The value for the variable named derivative assumes you have a neural network classifier that uses softmax activation. To compute the signal, the demo assumes the goal is to minimize mean squared error and uses "output minus target" rather than "target minus output," which would change the sign of the weight delta. Next, the hidden-to-output weight gradients are computed:

# 2. compute hidden-to-output weight gradients
for j in range(self.nh):
  for k in range(self.no):
    hoGrads[j, k] = oSignals[k] * self.hNodes[j]

The output node signal is combined with the associated input from the associated hidden node to give the gradient. Next, the gradients for the output node biases are computed:

# 3. compute output node bias gradients
for k in range(self.no):
  obGrads[k] = oSignals[k] * 1.0

You can think of a bias as a special kind of weight that has a constant, dummy 1.0 associated input. Here I use an explicit 1.0 value only to emphasize that idea, so you can omit it if you wish. Next, the hidden node signals are computed:

# 4. compute hidden node signals
for j in range(self.nh):
  sum = 0.0
  for k in range(self.no):
    sum += oSignals[k] * self.hoWeights[j,k]
  derivative = (1 - self.hNodes[j]) * (1 + self.hNodes[j]) 
  hSignals[j] = derivative * sum

The demo neural network uses the tanh activation function for hidden nodes. The local variable named derivative holds the calculus derivative of the tanh function. So, if you change the hidden node activation function, you'd have to change the calculation of this derivative variable. Next, the input-to-hidden weight gradients and the hidden node bias gradients are calculated:


# 5. compute input-to-hidden weight gradients
for i in range(self.ni):
  for j in range(self.nh):
    ihGrads[i, j] = hSignals[j] * self.iNodes[i]

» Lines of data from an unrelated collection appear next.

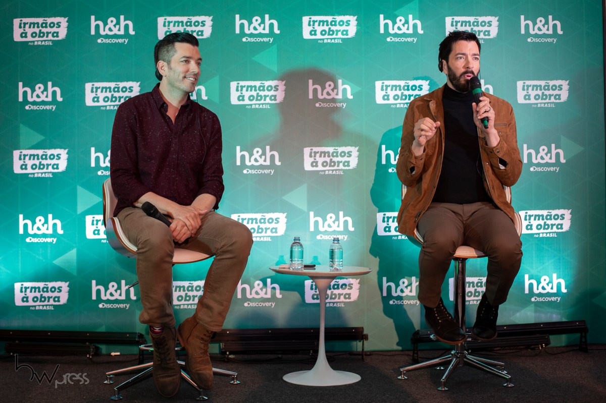 Os gêmeos Jonathan e Drew Scott, apresentadores do programa Irmãos à Obra, exibido pelo canal Discovery Home & Health participam de entrevista coletiva no Credicard Hall, na zona sul de São Paulo, nesta quarta feira (20). A dupla está no Brasil para participar de eventos com fãs.
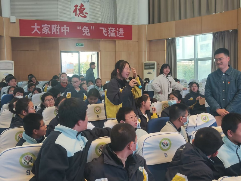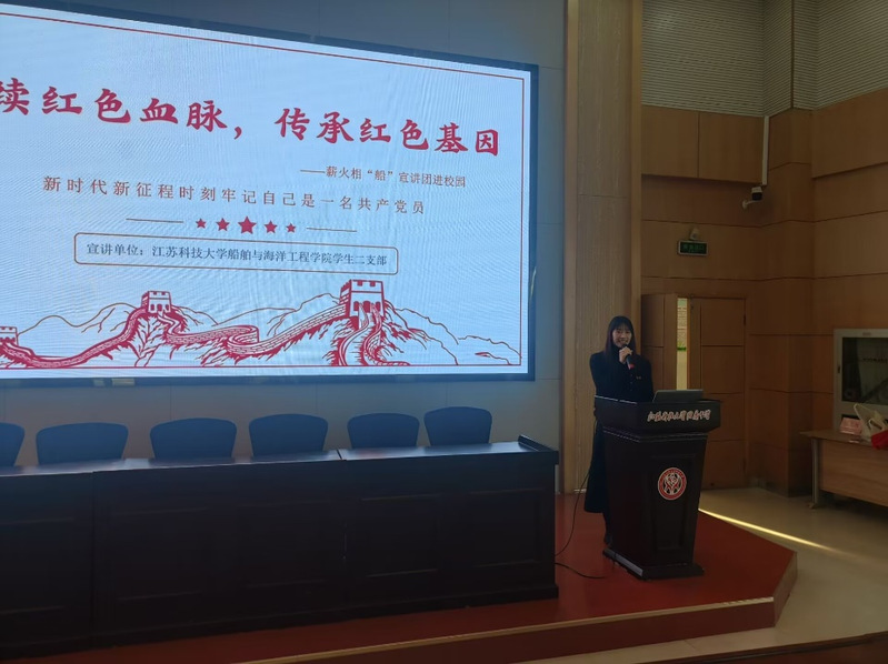 为加强镇江红色文化融入大中小学思政一体化建设,引领青少年学习党的光辉历史,赓续红色精神血脉,厚植爱党爱国爱社会主义情怀。12月8日下午,江苏科技大学51吃瓜 本科生学生二支部“薪火相‘船’宣讲团”走进镇江市51吃瓜 附属中学,开展主题为“传承红色基因,培育时代新人”的宣讲活动,共有170名少先队员参加此次活动,活动由支部书记黄妍主持。
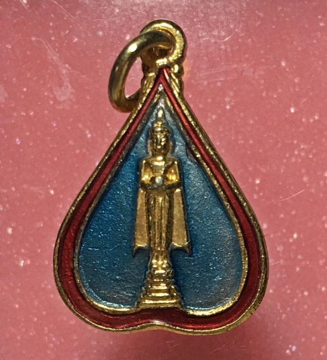 เหรียญใบโพธิ์ลงยา หลวงพ่อบ้านเเหลม วัดเพชรสมุทร ปี2525
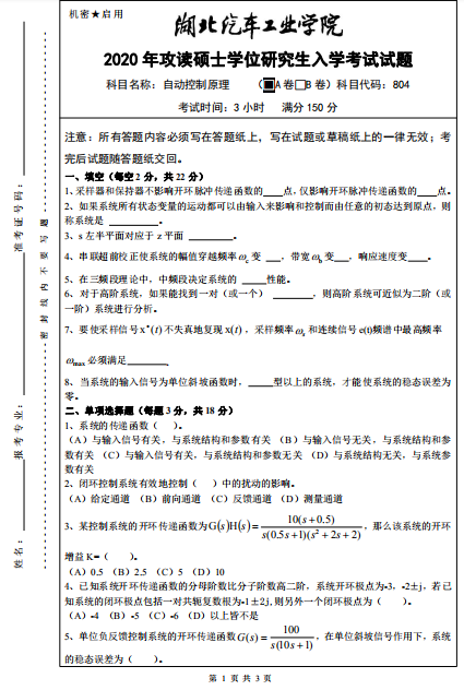 以上就是小編整理的“考研真題:湖北汽車工業學院804自動控制原理2020年攻讀碩士學位研究生招生入學考試試題”的全部內容!更多真題資料請關注“考研專業課真題”欄目!祝考研成功!
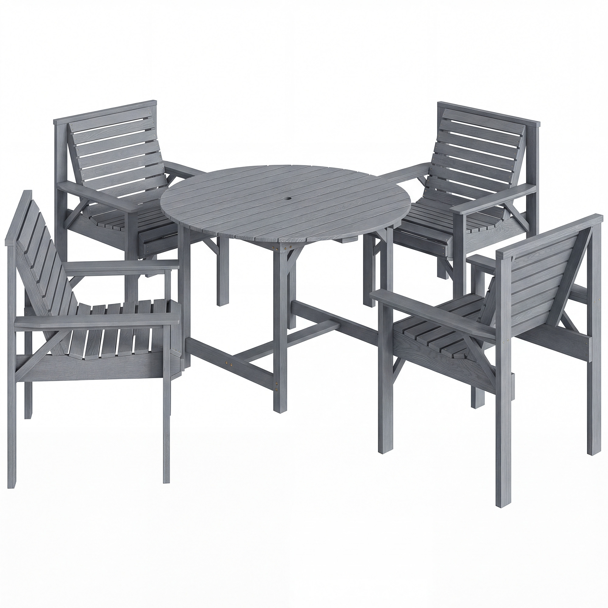 Outsunny 5 Pieces Garden Dining Set with Parasol Hole, Round Outdoor Table and Chairs, 4 Seater Wooden Garden Furniture, Grey
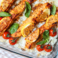 Place the salmon fillets on top of the rice, add the cherry tomatoes and basil leaves, then sprinkle with chili flakes.
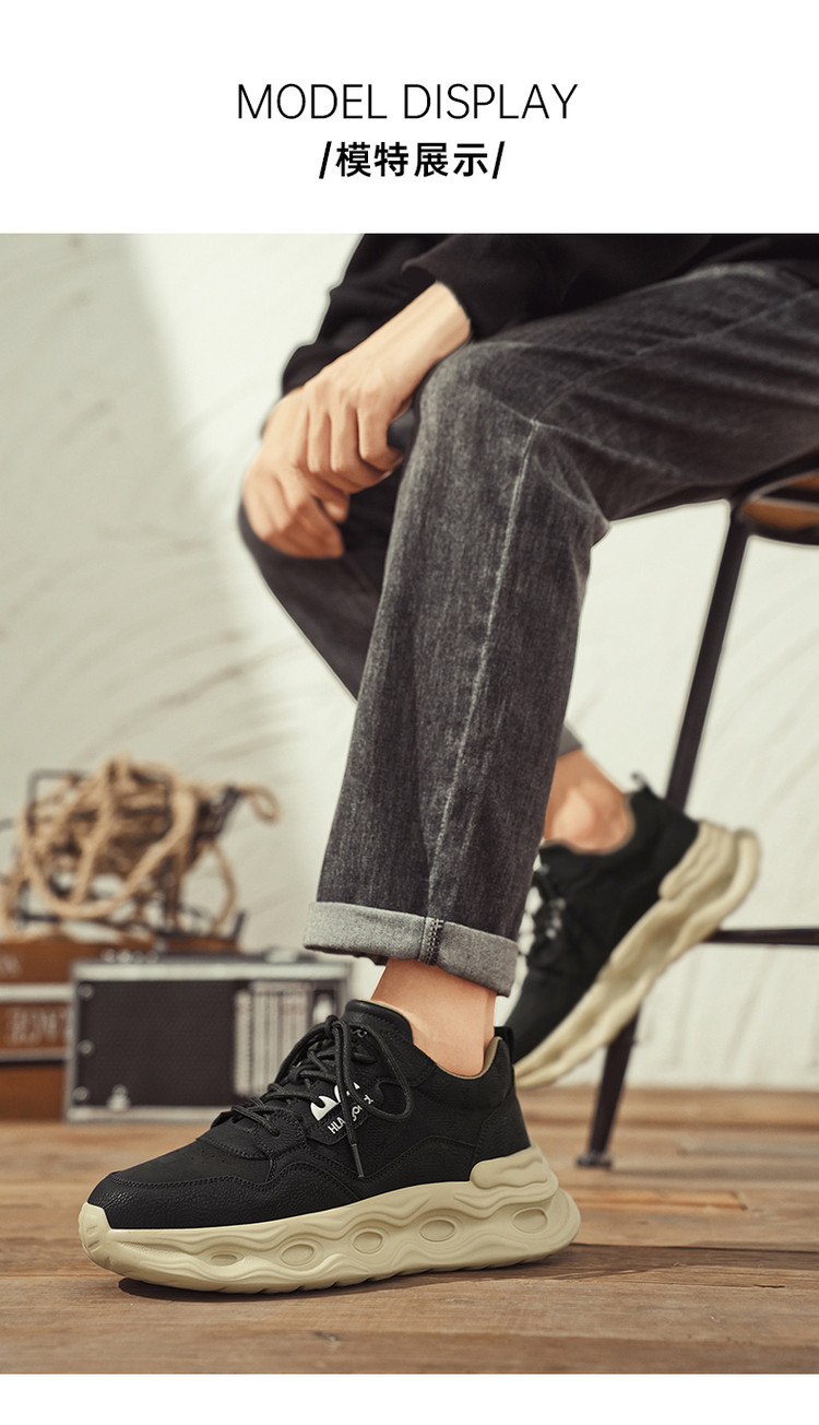男士休闲鞋运动鞋厚底潮流百搭男鞋板鞋复古简约透气工装鞋男 907087
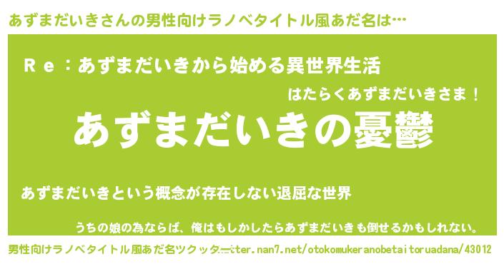 | 胡散臭い通販商品みたいなあだ名 | 『必ず成功するブレスレット…その名も「あずまだいき」』 |

# 6. compute hidden node bias gradients
for j in range(self.nh):
  hbGrads[j] = hSignals[j] * 1.0 

As before, a gradient is composed of a signal and an associated input term, and the dummy 1.0 input value for the hidden biases can be dropped. Notice that the code hasn't used momentum yet. After the gradients have been calculated, the weight and bias values can be updated in any order. First, the demo updates the input-to-hidden node weights:

# 1. update input-to-hidden weights
for i in range(self.ni):
  for j in range(self.nh):
    delta = -1.0 * learnRate * ihGrads[i,j]
    self.ihWeights[i,j] += delta
    self.ihWeights[i,j] += momentum * ih_prev_weights_delta[i,j]
    ih_prev_weights_delta[i,j] = delta 

After the weight delta is calculated, the weight is updated. Then a second update is performed using the value of the previous delta. In the very first training iteration, the initial value of the weight delta will be 0.0, but that's fine. Before exiting the loop, the previous delta is replaced by the current delta value.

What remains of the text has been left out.